In the meantime, the new tools continue to be developed, expanded, and refined. The NCCN Guidelines® with NCCN Evidence Blocks™ provide a graphic showing experts’ ratings of systemic therapies in five areas—efficacy, safety, quality and quantity of evidence, consistency of evidence, and affordability. They had been completed for 33 different cancers at the time of the meeting and will be available for all NCCN Guidelines® by the end of the year. 

Feedback on the tools has been positive, Dr. Carlson said. Surveys show that providers find them useful, and payers have talked to NCCN about incorporating them into their own treatment pathways. Next steps will be to develop NCCN Evidence Blocks for the network’s radiation therapy and surgery recommendations. Discussion of these tools is already underway, he said. 

ASCO’s Value Framework, still under development, is being refined in various ways. This tool compares the clinical benefits and side effects of regimens that have been tested head-to-head in clinical trials and calculates a numerical “net health benefit” based on survival and toxicity data. Costs are presented beside the net health benefit.

One need is for improved methodologies, Dr. Grubbs said, including a better method for making cross-trial comparisons—comparing two drugs that, though not tested head-to-head in a trial, were both compared to the same third drug in different trials.

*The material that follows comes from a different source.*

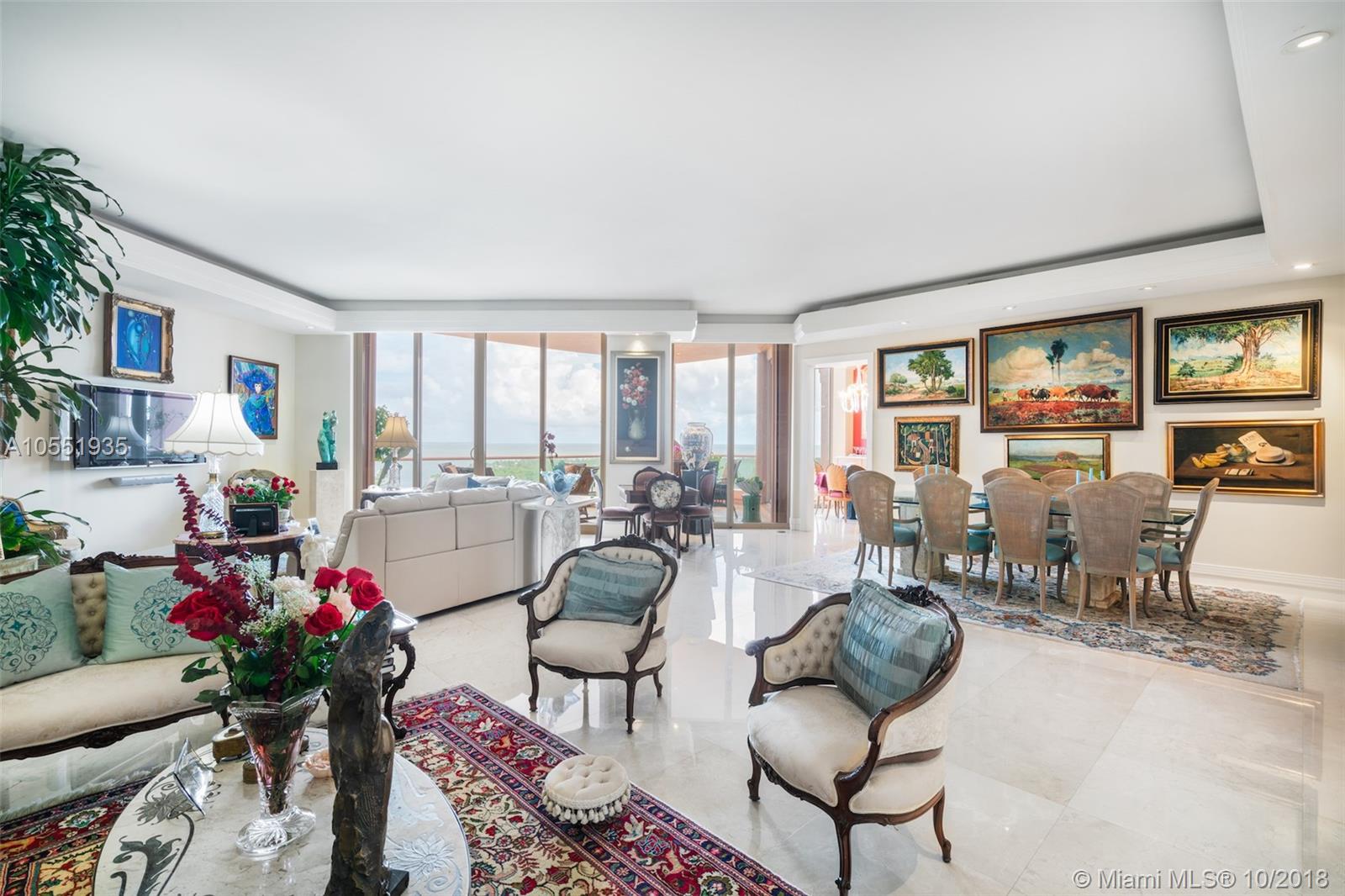 Remarkable Penthouse unit on the 15th Floor at The Gables Club. Breathtaking eastward views of Downtown Miami, Cocoplum Marina and Biscayne Bay, one of the best in the building! Spacious open floor plan with Great Room featuring a built-in bar, marble floors, impact picture windows with sliding doors to oversized balcony. Enjoy your morning coffee or mid-day meals with with a view in the kitchen with breakfast nook that maximizes the outstanding views of this one-of-a-kind penthouse. First-Class Building amenities include full-service Restaurant & Bar, Salon, Spa, Putting Green, 2 Pools, Sauna, Hot Tub, 24-hour concierge, Valet, Gated entry to grounds. This unit comes with 2 parking spaces and storage unit. The 3rd bedroom is currently being used as a Den.

Another refinement will be to anchor the net health benefit scores in a more meaningful way, for example, by including evidence on minor as well as major toxicities and evidence from patient-reported outcomes. A validated assessment method will be developed as well.

Also high on this project’s list of goals is continued patient engagement. “We want to identify key endpoints,” Dr. Grubbs said, “those that are most meaningful to patients.” ■

DISCLOSURE: Dr. Carlson is an employee of NCCN. Drs. Grubbs and McBride reported no conflicts of interest.

REFERENCE

1. Value-based frameworks: Everything your cancer program needs to know. 2017 ACCC Annual Meeting. Presented March 30, 2017.